El tema de la migración, como siempre estará en la mesa de negociación, sobre todo por la presencia de miles de venezolanos, haitianos y centroamericanos además de los mexicanos en la frontera con Estados Unidos y la posición laxa de México frente a los flujos migratorios.
Por otra parte, el recién anuncio de Putín de un acuerdo con nuestro país para desarrollar un sistema similar al GPS, es una espina clavada en el pecho norteamericano y a pesar de las tardías denuncias de México sobre las acciones rusas en Ucrania, es muy evidente el doble juego del presidente mexicano.
Ahora una gran incógnita que se cierne en torno a la presencia del mandatario norteamericano es si llegará Biden fortalecido o debilitado para la Cumbre de diciembre? Según una encuesta de RealClear Politics, la proyección para las elecciones de medio término del 8 de noviembre en los Estados Unidos, muestra una fuerte tendencia a la caída de los demócratas que podrían pasar de 220 a 182 en la Cámara de Representantes, mientras los Republicanos subirán de 212 a 219, con 34 escaños inciertos. En el Senado, tanto los republicanos como los Demócratas bajarán a 46 con 6 curules inciertos.

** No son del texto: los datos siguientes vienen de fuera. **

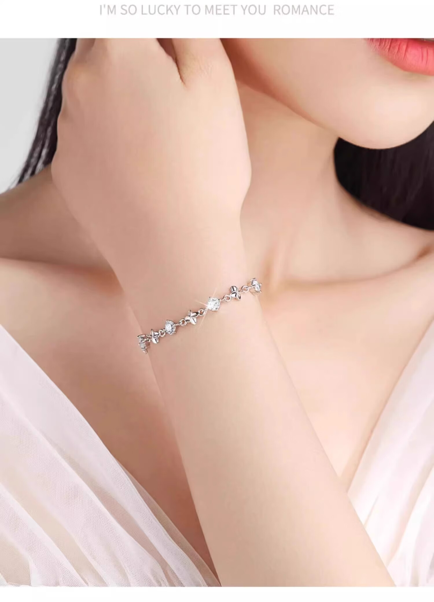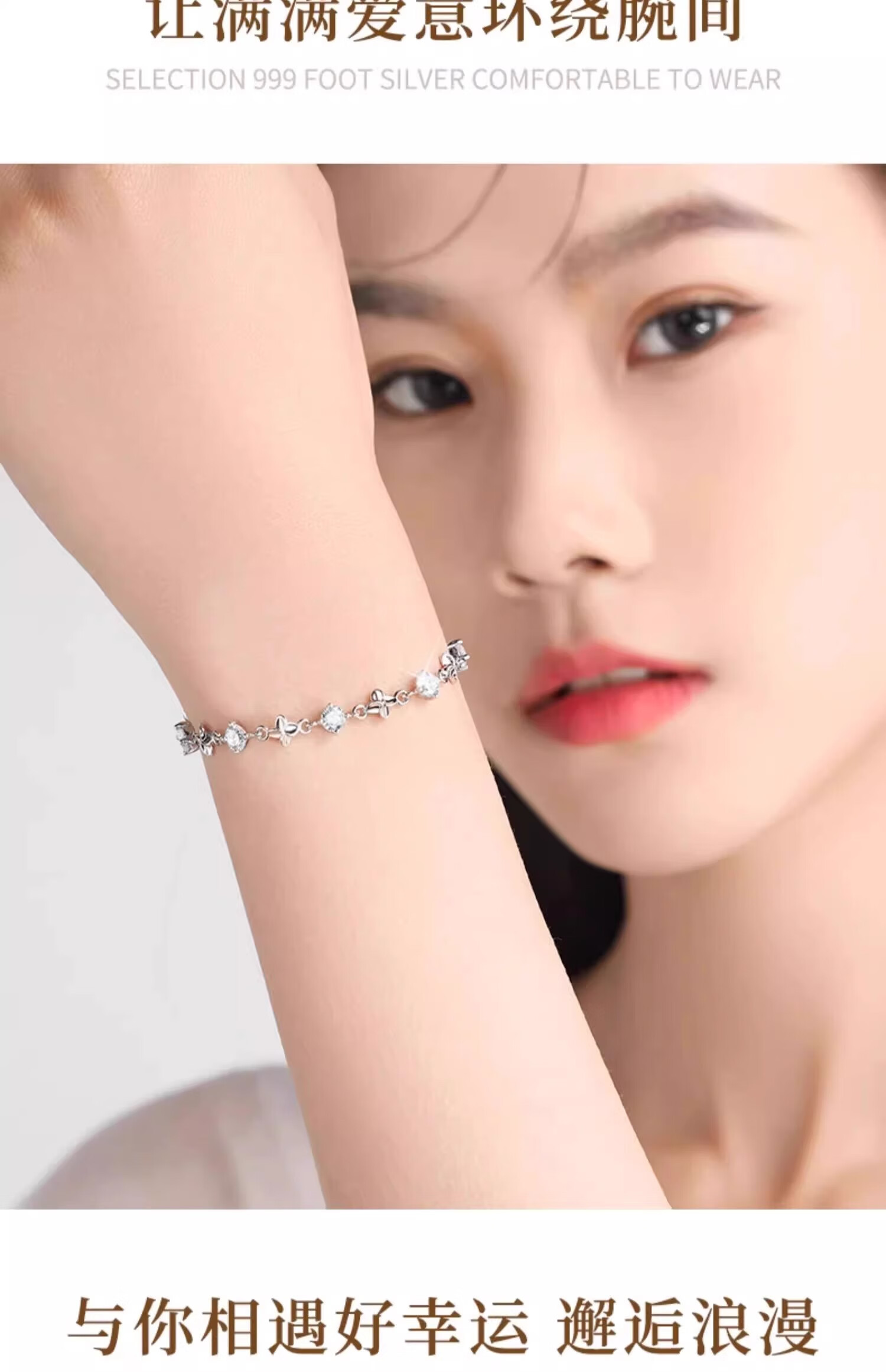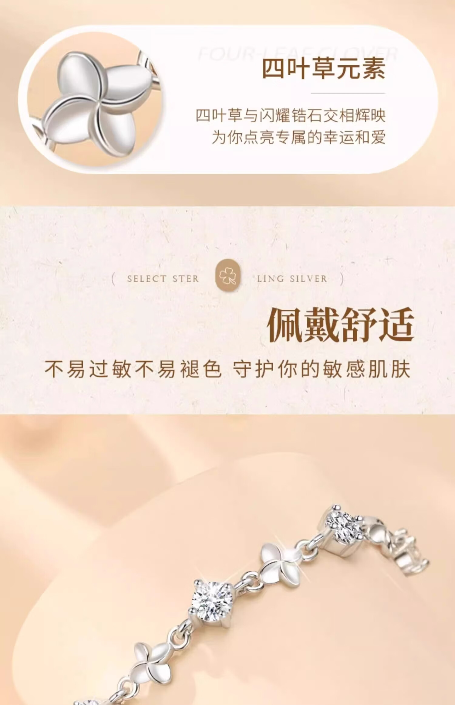 Four-leaf clover bracelet for women, light luxury niche birthday, Chinese Valentine's Day gift for girlfriend, sterling silver, platinum plated pt950, light luxury model - four-leaf clover bracelet, white diamond + rose gift box

Ante este panorama, AMLO negociará con un presidente que podría dejar la Casa Blanca en 2024 y con ello los acuerdos contraídos deberán esperar mejores tiempos, si olvidar el incierto destino de la crisis mundial y los efectos en todos los ámbitos de la vida nacional. Tiempos sombríos parecen vislumbrarse.
El autor es Doctor en Ciencia Política, especialista en política internacional y asuntos regionales. Profesor investigador de la Facultad de Ciencias Políticas y Sociales de la UNAM.